The Pathology and Biorepository Core at the Van Andel Research Institute uses the Illumina Infinium QC Array BeadChip on the Illumina iScan to check biospecimens for contamination and mislabeling.
This workflow is implemented in two parts, (1) automated, event-driven data wrangling, and (2) manually run QC analysis.
This first part of the workflow handles the input data wrangling for the individual sample files. It's implemented as an AWS Serverless, event-driven processes. The general steps are:
- gencall - Generate Genotype Call files (.gtc) from BeadArray Intensity Data files (.idat);
- normalization - Calculate normalized intensities, since
gencalldoesn't do this automatically, and store the results in Apache Parquet column-oriented data files.
The pre-processing infrastructure is implemented in code as a SAM app. You'll need to install the AWS SAM CLI if you want to make changes and/or deploy it.

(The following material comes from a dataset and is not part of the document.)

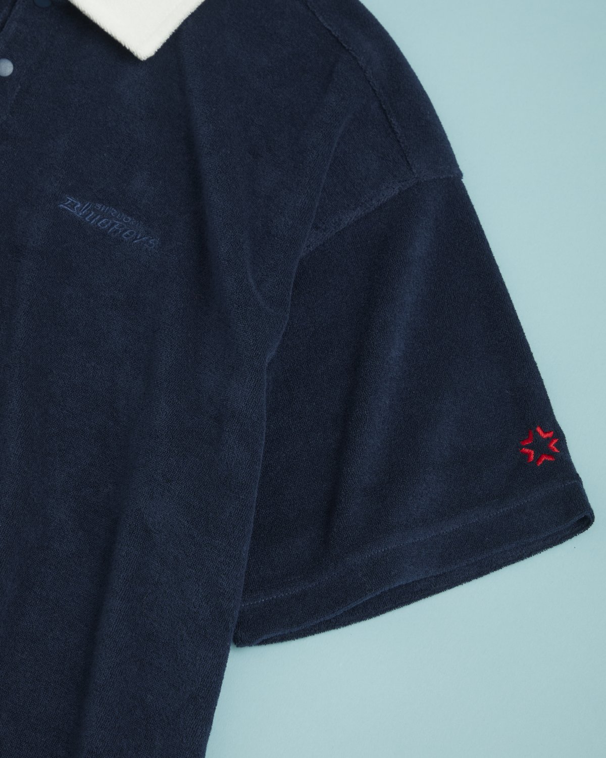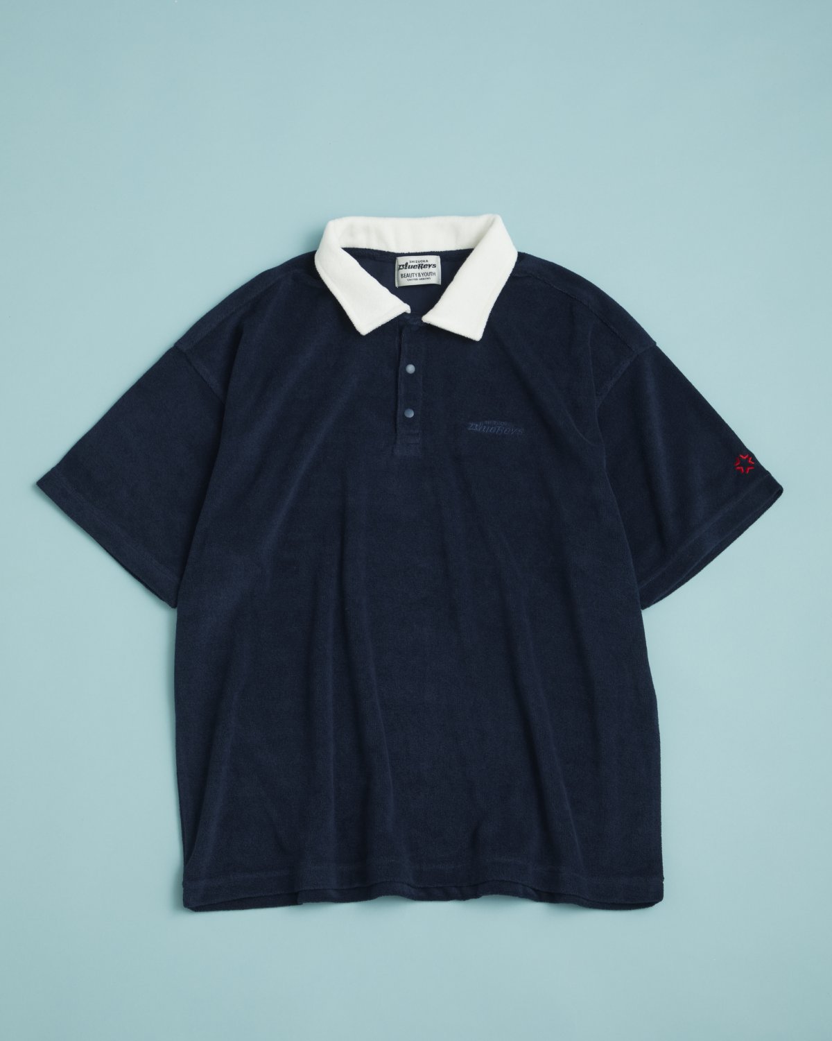 肌触りの良いパイル素材を使用し、柔らかな質感を活かしながら、程よく肩を落としたリラックス感のあるサイズバランスに仕上げました。深みのあるネイビーをベースに、レヴズの伝統を感じさせるホワイトカラーの襟を組み合わせ、上品で洗練された印象に。首元には着脱のしやすいスナップボタンを採用し、胸元には同色でロゴ刺繍を施すことで、主張しすぎないミニマルなアクセントを添えています。スポーティーな要素を持ちながらも、落ち着いた佇まいが魅力の一着です。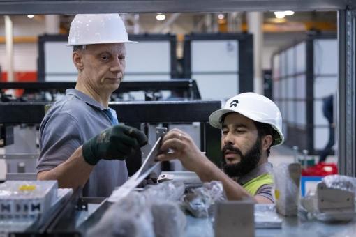 1月26日,在匈牙利比奥托尔巴吉,员工在蔚来能源欧洲工厂工作。新华社发(弗尔季·奥蒂洛 摄)

The second part of the workflow is implemented using Snakemake. The general steps are:
- metadata - Merge run/batch metadata from CSV/Excel into Apache Parquet column-oriented data files partioned by run/batch;
- popmaf - Calculate minor allele frequencies for eash run/batch, then aggregate over the entire study/cohort (i.e., the population);
- bafRegress - Fit a linear regression model between the B allele frequencies and the population minor allele frequencies for each sample;
- QC/analysis - determine whether sample contamination or mislabling has occurred.